Professional Engineering

Chancellor launches £50bn funding initiative for infrastructure and exports

UK Guarantees scheme will underwrite funding for critical projects

  • Published in News.

George Osborne has announced the new "UK Guarantees" scheme

The government will underwrite up to £50 billion of investment in UK infrastructure and exports, under radical plans unveiled by Chancellor George Osborne.

The initiative comes amid mounting pressure on ministers to support UK plc by loosening the purse strings. Earlier this week the International Monetary Fund cut the country's growth forecast to just 0.2% for 2012.

However, the move will fuel criticism that the British taxpayer is taking on liabilities that the private sector considers too risky.

Under the new UK Guarantees scheme, up to £40 billion of funding will be underwritten for critical infrastructure projects that have stalled because of difficulties raising money from private investors.

The government will charge for helping to secure finance for the projects, which will be in sectors such as transport, energy, communications, and education.

Applicants for funding will have to meet strict criteria, including being ready to start construction within 12 months, having a positive impact on economic growth, and providing good value for the taxpayer. The first guarantees are expected to be made in the autumn.

The government will also step in to ensure that big public-private partnership projects are not delayed. These schemes get all their up-front funding from the private sector.
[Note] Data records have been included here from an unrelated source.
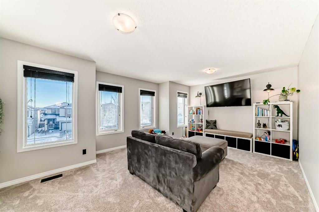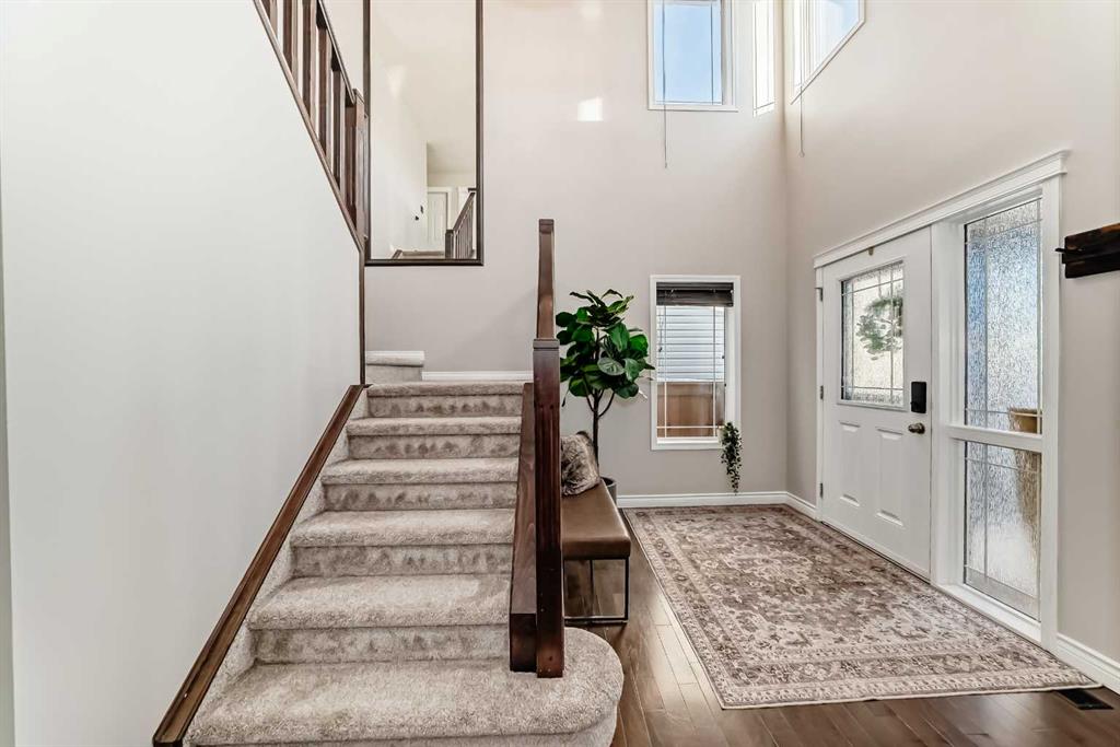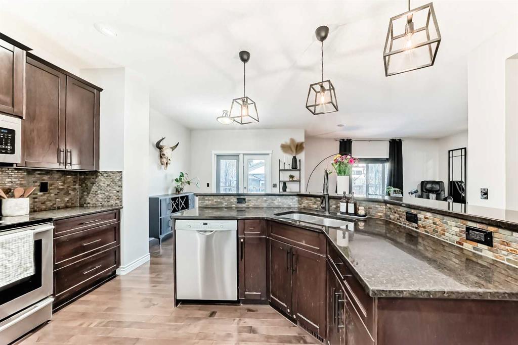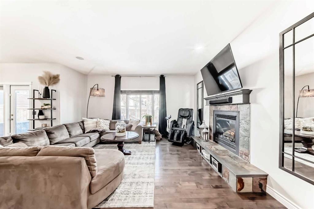 Welcome to this beautifully maintained detached home in the sought after community of Reunion, a family-friendly neighbourhood close to schools, parks, and scenic pathways. Offering over 2,600 sq ft of finished living space, this four bedroom, three and a half bathroom home is thoughtfully designed for comfortable everyday living and effortless entertaining. A large entrance with soaring ceilings and a spacious foyer creates a stunning first impression and flows seamlessly into the open concept main floor. At the heart of the home, the kitchen features a large two-tier wet island, walkthrough pantry, stainless steel appliances, and easy connection to the dining and living areas, ideal for gatherings and busy family life. Built-in speakers and pre-wiring for exterior speakers enhance your hosting experience, while fresh paint and brand new carpet throughout provide a bright, move-in-ready feel. Located just off the double-attached insulated garage, the main floor laundry room seamlessly doubles as a functional mudroom, creating the perfect drop zone for busy families. This well designed space offers a stacked washer and dryer, custom built-in cabinetry, a laundry sink, and convenient garage access with built-in storage racking to keep everything organized. Upstairs, a spacious south-facing bonus room is filled with natural light, offering the perfect retreat for movie nights or a kids play space. The primary bedroom features a trendy feature wall, a large walk-in closet, and a private ensuite complete with a soaker tub and separate shower. Two additional bedrooms, each with their own pinterest-inspired accent walls, add personality and charm to the upper level. The partially developed basement adds valuable living space with a generous fourth bedroom, a four-piece bathroom, a finished office or common area, and ample storage, with flexibility to further personalize if desired. Step outside to enjoy the beautifully landscaped backyard, designed for both relaxation and play, featuring a large deck, dog run, shed, mature trees, fire pit, raspberry bushes, and cedar planters. Don’t wait, come take a look and see how this is an exceptional opportunity to own a spacious, family-focused home in one of Airdrie’s most desirable communities.
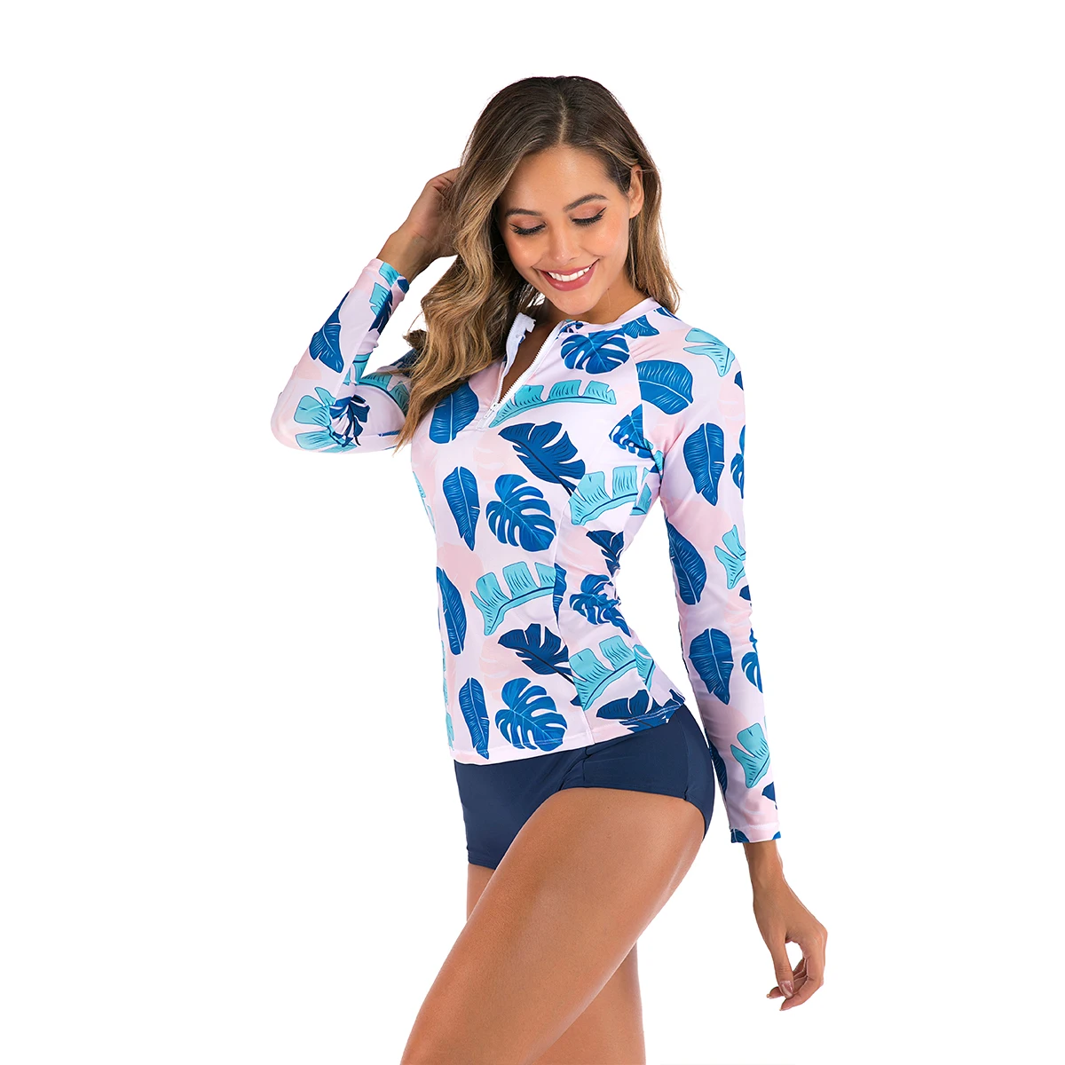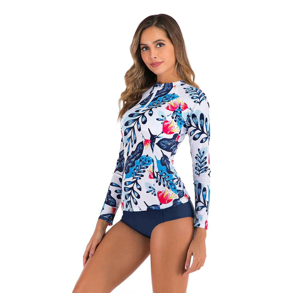 Women’s Long Sleeve Surfing Swimsuit – Quick Dry Two-Piece Rash Guard SwimwearStay protected and stylish in this women’s surfing swimsuit set, designed with a long-sleeve rash guard top and matching bottoms. Made from quick-drying, lightweight fabric, it offers sun protection, comfort, and flexibility for swimming, surfing, diving, or any water sport.
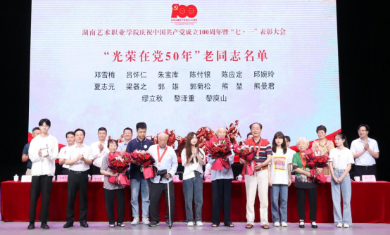 余会春同志宣读表彰决定,获得光荣在党50年纪念章,获评优秀共产党员、优秀党务工作者、党员先锋岗、先进党支部的代表同志依次上台领奖。
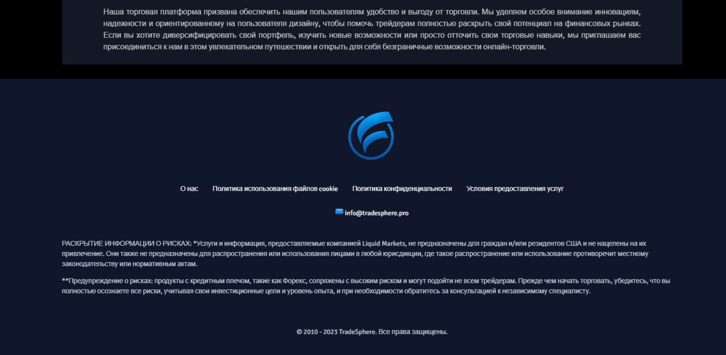 Обзор веб-сайта tradesphere pro
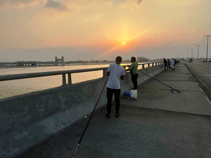 كما اكتظ المكان بمجموعة من المقيمين في المنطقة بسناراتهم لممارسة صيد الأسماك، ومنهم المقيم ”سيدرو“ من الجنسية الفلبينية الذي اعتاد أن يأتي للاصطياد في فترة ما بعد الظهيرة ووقت فراغه.
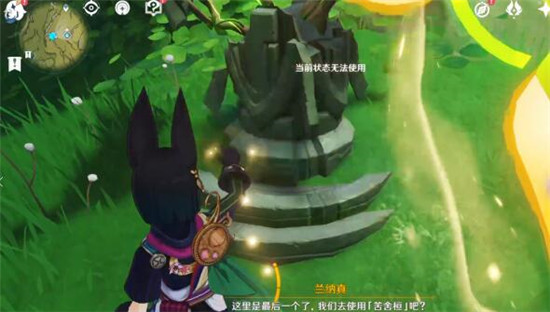 1、在任务接取地点附近有一个破碎的草元素方碑,装备小道具「苦舍桓」,对着它使用,令其修复,随后使用草元素攻击激活草元素方碑。
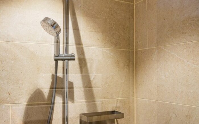 *Basic bathroom amenities with rain shower, towel radiator, towels, shower mat, hair dryer
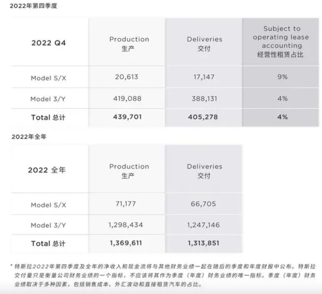 叠加四季度的销售数据,特斯拉交出的2022年总成绩单为131万辆,且不说远不及友商的185万辆,离自己年初立下的150万辆目标也尚有一定距离。
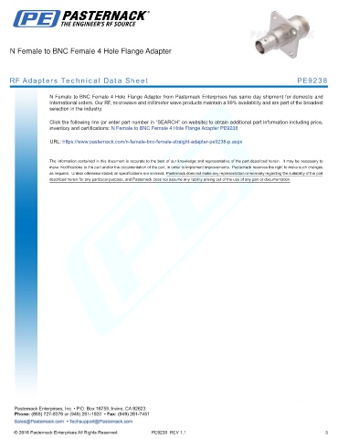 inventory and certifications: N Female to BNC Female 4 Hole Flange Adapter PE9238
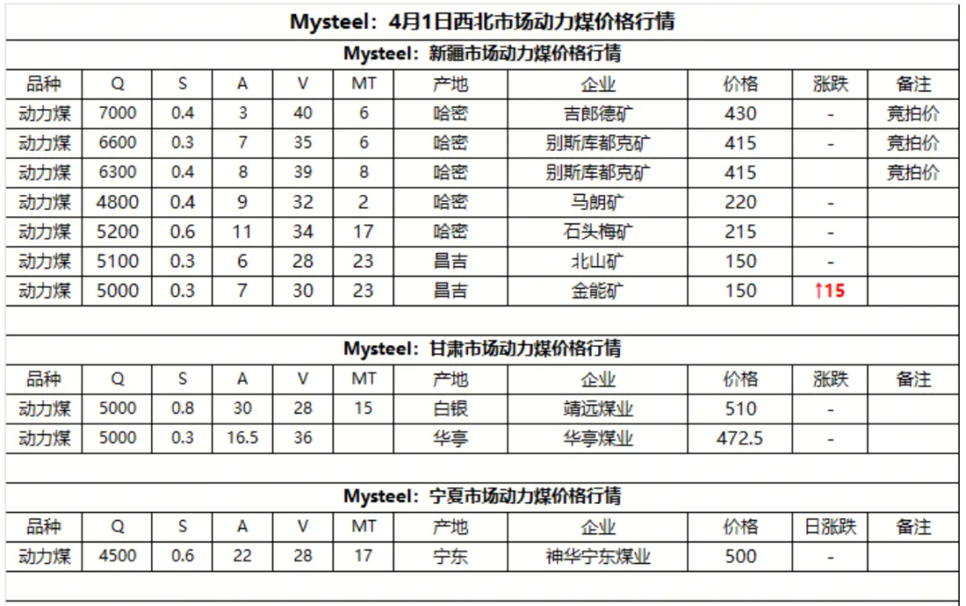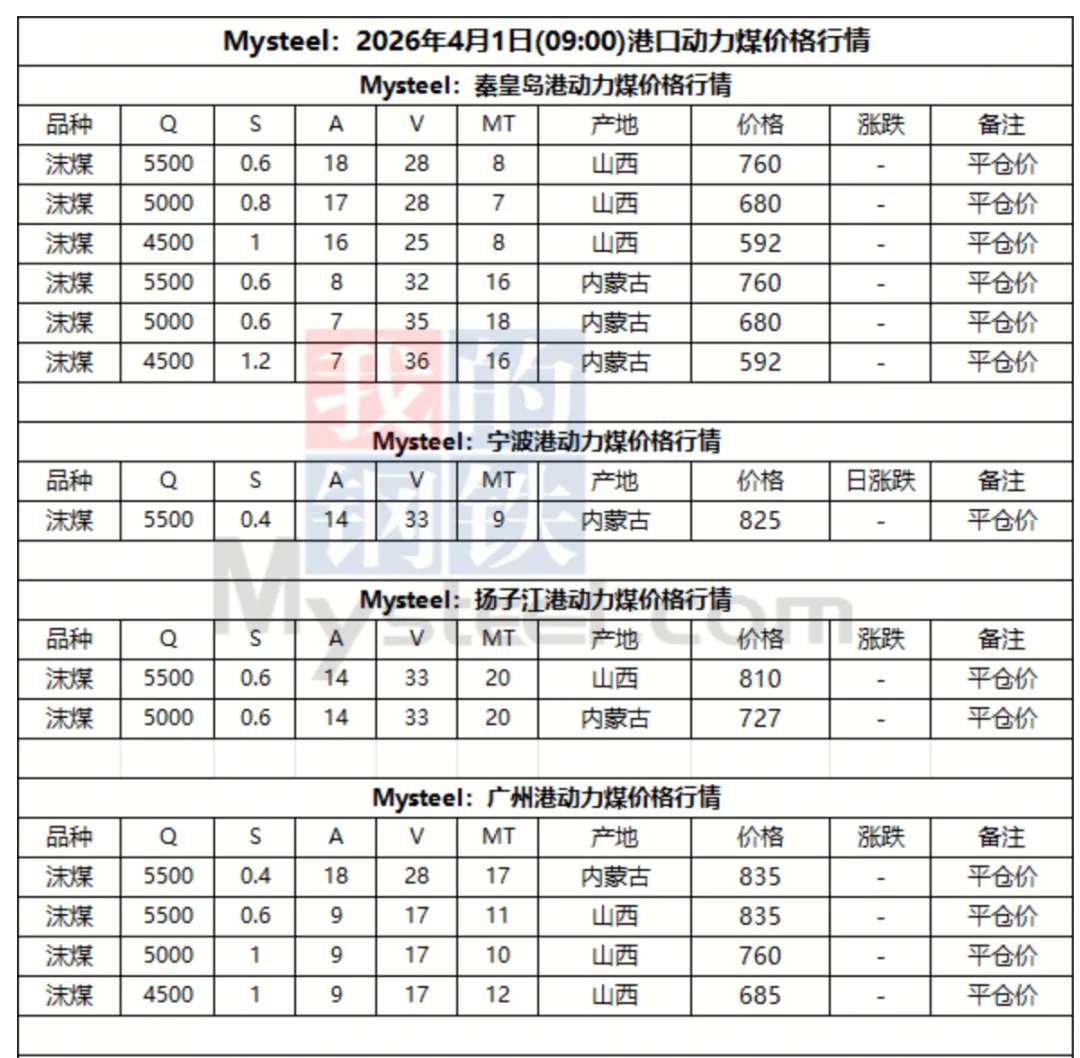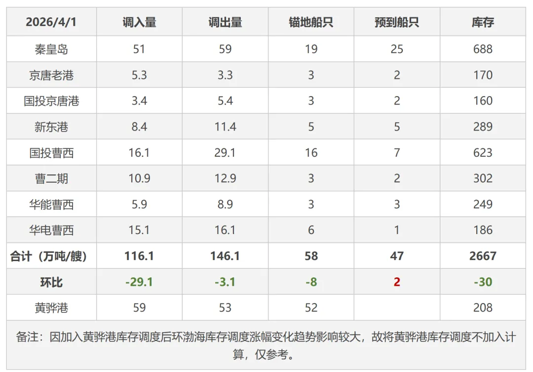 1日港口市场动力煤弱稳运行。港口库存高企,现货贸易商出货意愿较高,部分报价小幅下调。下游询货问价现象较少,报询盘差距仍存,实际成交较少。大秦线即日起开启为期30天的春季检修,港口调入或将有所减少,后市需持续关注港口去库速度和实际成交情况。

For the next year the state will lend up to £6 billion to some 30 of these projects as an “exceptional response to difficult market conditions”.

The loans, funded from departmental capital budgets, will be made on commercial terms, and only for a minority of the overall project cost.

George Osborne and Treasury chief secretary Danny Alexander also announced that a £5 billion export refinancing facility would be launched later this year.

The sectors benefiting will include aerospace, oil and gas extraction equipment, transport and telecommunications infrastructure services, and hospital construction and management services.

Osborne said: “The credibility the government has earned through tackling the deficit is already helping millions of British families and businesses through keeping down the cost of borrowing.

“Now UK Guarantees will use that hard-won fiscal credibility to provide public guarantees of up to £50 billion of private investment in infrastructure and exports.

“Britain's credibility has been hard won and involved difficult decisions, so I want to make sure its benefits are passed on to the whole economy.”

Commenting on the new scheme, Dr Richard Wellings, from the Institute of Economic Affairs, said: “There is a real danger that the government's infrastructure investment plan will end up hindering economic recovery rather than promoting it.

“If the funds are used for green energy schemes or public transport projects, for example, this is likely to lead to higher bills for consumers and higher subsidies from taxpayers.

“The government needs to take a much more economically rigorous approach to infrastructure investment to ensure that taxpayers and consumers obtain good value for money.”

Nick Baveystock, director general of the Institution of Civil Engineers, said: “At last government is using its balance sheet to provide guarantees to get infrastructure projects moving. But, as ever, the key is to see actual delivery of projects not just talk about how they might be facilitated.

“Here the government’s record is less good. I hope the criteria for accessing the guarantees are not made excessively difficult – and also that, if the scheme is not having the desired impact, government takes rapid action to review the criteria.”